Constantly the Russians and I would enjoy finding the things we had in common (e.g., a dislike of Yoko Ono), and it was equally interesting to find the things we differed on. I'd never heard of Yuri Gagarin, the first man in space and they'd never heard of Neil Armstrong, the first man on the moon. Go figure.
While I lived in Moscow, it was the third most expensive city in the world yet the average Muscovite officially earned just $200 USD a month. The army, teachers and pensioners hadn't been paid in months, corruption was rife and violence hung in the air.

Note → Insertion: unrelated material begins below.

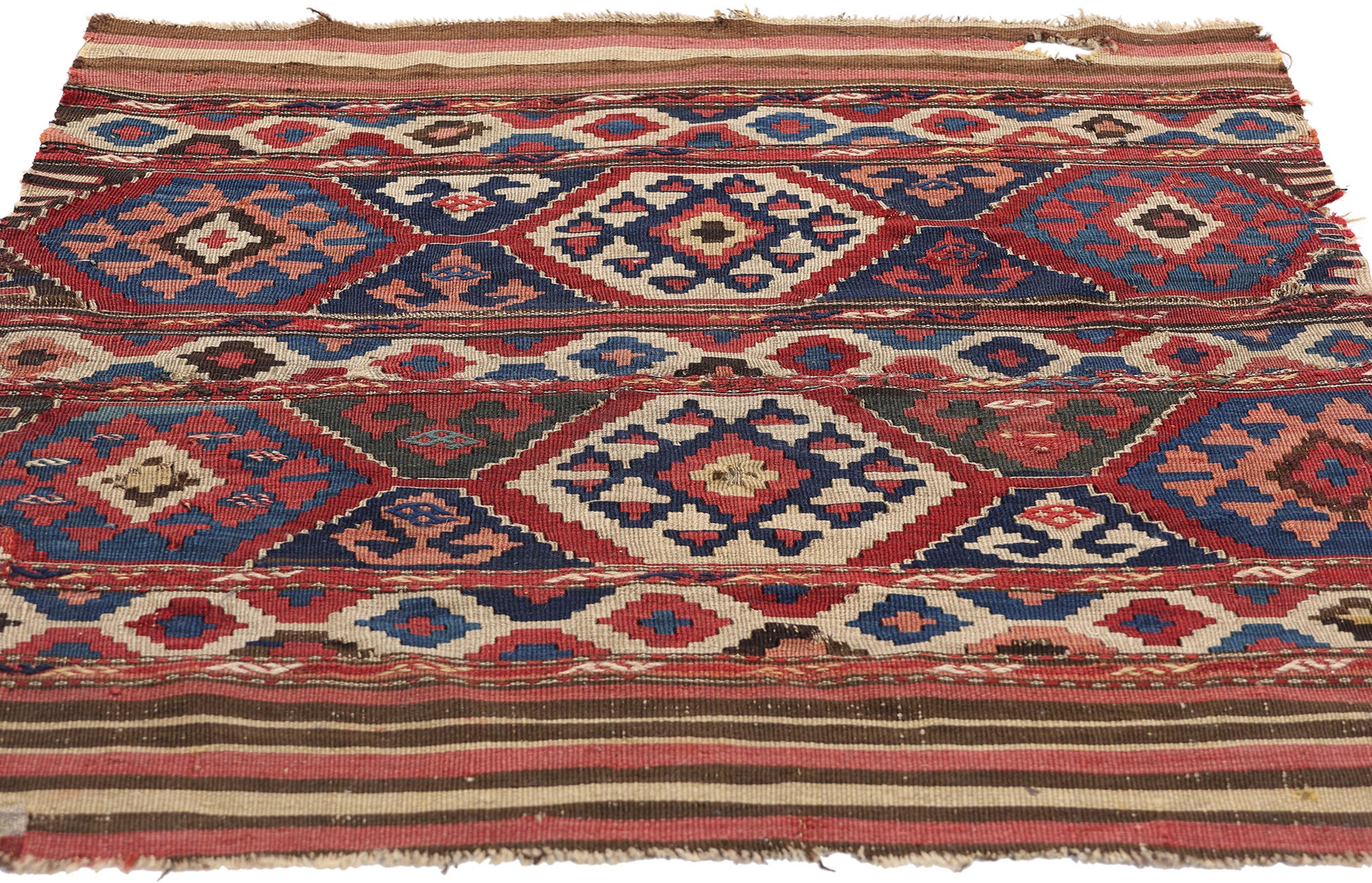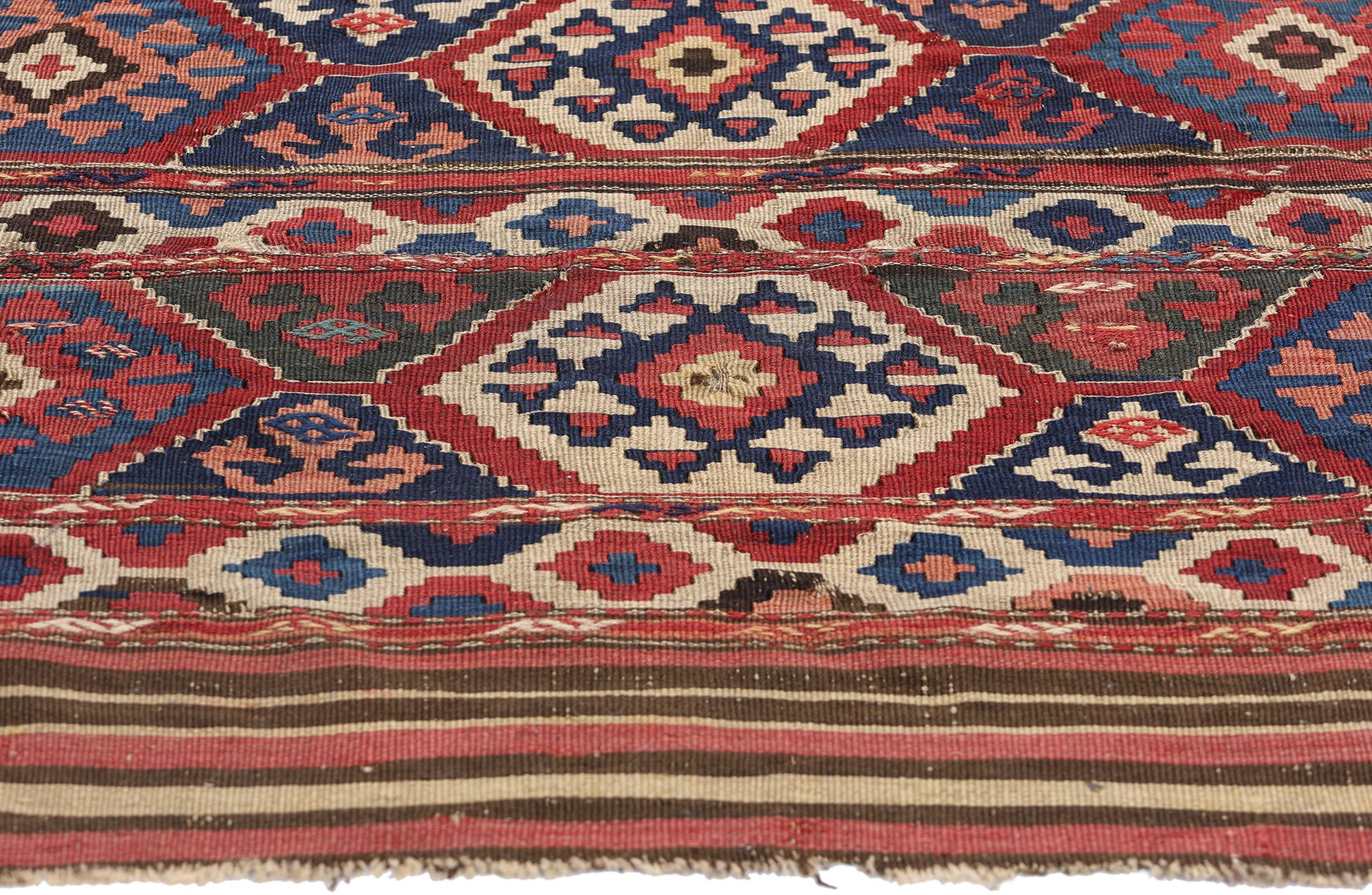 Embark on a compelling journey with this handwoven wool distressed antique Caucasian Shirvan kilim rug from the late 19th century, a piece that exudes the rugged beauty and nomadic charm of the Shirvan weaving tradition. This weathered tribal kilim, with its vibrant colors and intricate designs, tells the story of a people deeply connected to the land and to their heritage. The allover geometric design, composed of wide and narrow horizontal bands, is decorated with a variety of ambiguous motifs and tribal symbols that speak to the Shirvan people’s beliefs in protection, fertility, and good fortune.

A system had developed in which everyone had to pay to someone for protection. Whether you were General Electric Russia or an old babushka selling kittens in front of a metro station, you paid to a krysha (a roof) and the big question was, does your roof leak?
Life felt hopeless for many and at street kiosks around the city, poor folk stood scraping together their rubles to buy cheap pirated vodka, downing it on the spot, drinking to forget, not caring that the moonshine could turn them blind. "Biznessmen" would drive by slooshing them with their BMWs, out to get rich or die trying as a couple dozen a week did.
People complained to me that then-president Boris Yeltsin was weak and that in the history of Russia, the nation had only prospered when ruled by strength. The country was falling apart and its future looked even bleaker than its past. So, reckoning London was probably a better city to be a musician in, I said goodbye to Merzky Beat and got my ass out of Moscow not long before the banks collapsed amid a run on deposits.
On New Years Eve 1999, after a decade of decline, I heard the surprising news that Yeltsin had broadcast his resignation saying, "I want to beg forgiveness for your dreams that never came true." In his message, he appointed a newcomer named Vladimir Putin as the man to lead Russia into a new millennium.
Over the next years under Putin's command, the standard of living in Russia grew. And grew. And grew some more. For many, a prosperous future that had never seemed a possibility began to materialize. It wasn't a Western future like the Poles or the Czechs got, but Westernization wasn't something the Russians wanted. Not everyone readily accepted Putin's reign, but most agreed to the unwritten social contract of 'You increase our lot in life, you may lead us.'
Like with Iraq and Libya, many Westerners don't understand why a strong harsh leader in Russia is a necessity. We laugh at Putin posing shirtless on horseback and fail to appreciate that he could be photographed with his finger on the nuclear button. A button he's kept his hand so far away from, we collectively seem to have forgotten that it's there. To my mind, its kinda awesome how Putin's kept Russia's nukes in the closet, even if its crap he's been putting their gays in it too.
A Vietnam vet I met at a Moscow diner in '97 thought it would be wonderful if I gave Barry McGuire's old anti-war classic 'Eve Of Destruction' its first Russian release. I did, and I remain mindful of its lyric, "If the button is pushed there'll be no running away. There'll be no-one to save with the world in a grave."
I'd love to see the conversation around the Olympics shift to include celebrating our current peace with The East. It's not guaranteed to go on forever.